When Larry David portrayed his divorce on Curb Your Enthusiasm, and Cheryl got all the friends, I was so relieved. You mean, that really happens? I'm not the only asshole who made each and every one of my friends choose a side?
During my divorce, almost four years ago, I was so angry and scared and entirely off-kilter that the idea of anyone I trusted, or cared about, talking to my ex, much less socializing with him or caring about him in any way, made me hyperventilate with feelings of betrayal and abandonment. I literally said to friends, "you're very welcome to remain friends with Michael, but if you make that choice I will never see or talk to you again."
One woman, a neighbor in the country who was barely more than an acquaintance, called to invite me and my new boyfriend to dinner one weekend. I had just heard, through my children, that she'd had my ex and his new girlfriend to dinner the previous week. In response to her invitation, I said, "Honestly Amanda, I have plenty of friends; why don't you just stick with Michael and let's call it a day?" I look back on that phone call with a modicum of shame -- the poor woman was trying to do the right thing I suppose -- but frankly, I think she was also trying to get a front row seat to my train wreck, and I wasn't having any of that. My life was messy enough.
Just as in Curb Your Enthusiasm, most of the friends chose me, the wife. Not because I was the better person, clearly, but in large part because I had always been the social one in the partnership, the one who made plans and kept up relationships, the one who organized things around the kids. So from that perspective, things followed a natural course and I kept the friends. The one or two who chose him I let go of without looking back.
No one would ever call my ex-husband particularly gregarious, and like most men he didn't have a wide social net anyway, but he definitely felt the loss. He made a few comments, and the kids certainly noticed the teaming up, but in my defense he also didn't chase anyone down. He let the chips fall where they did; I cocooned myself in the illusion of social protection, and he, true to his nature in many ways anyway, wandered off in isolation.
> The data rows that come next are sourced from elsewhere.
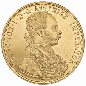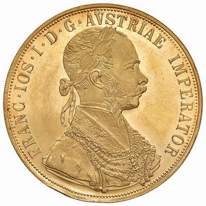 AUSTRIA. FRANCESCO GIUSEPPE (1848-1916) 4 DUCATI 1915 RICONIO Au gr. 14,00 FDC MS
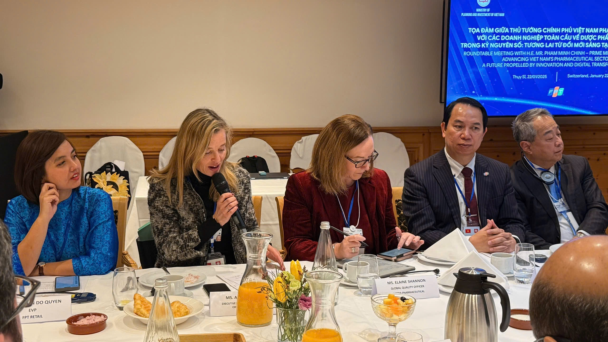 (VietQ.vn) - Ngày 22/1 (theo giờ địa phương), tại Davos, Thụy Sĩ, trong khuôn khổ chuyến công tác tham dự Hội nghị Diễn đàn Kinh tế Thế giới (WEF), Đoàn đại biểu cấp cao Việt Nam đã tham dự Tọa đàm với các tập đoàn dược phẩm toàn cầu với chủ đề: "Dược phẩm Việt Nam trong kỷ nguyên số - Tương lai từ đổi mới sáng tạo và công nghệ”. Sự kiện do Bộ Kế hoạch và Đầu tư, Bộ Ngoại giao và Tập đoàn FPT phối hợp tổ chức.
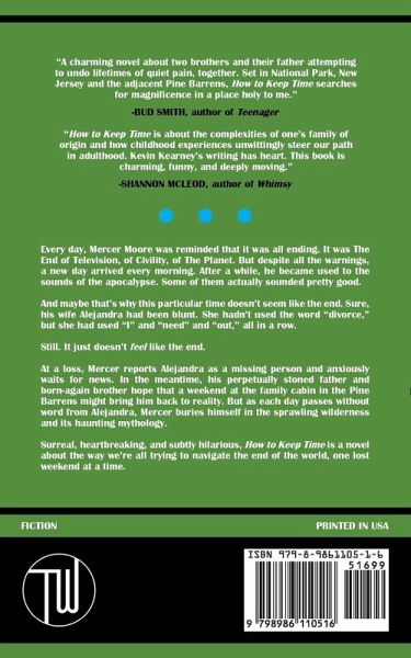 Every day, Mercer Moore was reminded that it was all ending. It was The End of Television, of Civility, of The Planet. Maybe that's why it doesn't seem like the end for Mercer. Sure, his wife Alejandra had been blunt. She hadn't used the word "divorce," but she had used "I" and "need" and "out," all in a row. Still. It just doesn't feel like the end. Rather than deal with the reality of her absence, Mercer reports Alejandra as missing to a skeptical detective and prays he's not subsequently considered a suspect. Fearing he's losing his grip, his brother Evan and father Lake suggest a weekend trip in the hopes that time away will lead to some clarity. But the retreat to the family cabin in the New Jersey Pine Barrens only leads to more problems. Evan, recently sober and born-again, offers condescending platitudes while Lake, a widowed former hippie, is too stoned to present any real solutions. As each day passes without word from Alejandra, Mercer becomes more immersed in the sprawling, haunted wilderness of the Pine Barrens and its unsettling mythology. When he stumbles upon an unexpected discovery hiding there, he's forced to reckon with the reality of his marriage or continue crawling further into his comforting delusion. HOW TO KEEP TIME is a millennial novel reminiscent of Andrew Martin's EARLY WORK and Miranda Popkey's TOPICS OF CONVERSATION. It's THIS IS WHERE I LEAVE YOU narrated with the formal experimentation of Jenny Offill and Scott McClanahan.

Now, four years later, we're all pretty happy. Michael and I talk almost daily, and the kids are settled in an easy back and forth routine; the trauma is over. And I care about him and want him to be happy and to have a good life full of love and support. But we have still have separate friends, and I think it's better this way. I like that he and I have found an easy peace between us, but I don't want other people in the mix. Divorce is private that way. So although I hate that I handled it like a childish bully, and wish I could have been a bigger, better person, as I'm sure some divorcing people are, this is something for which I've forgiven myself.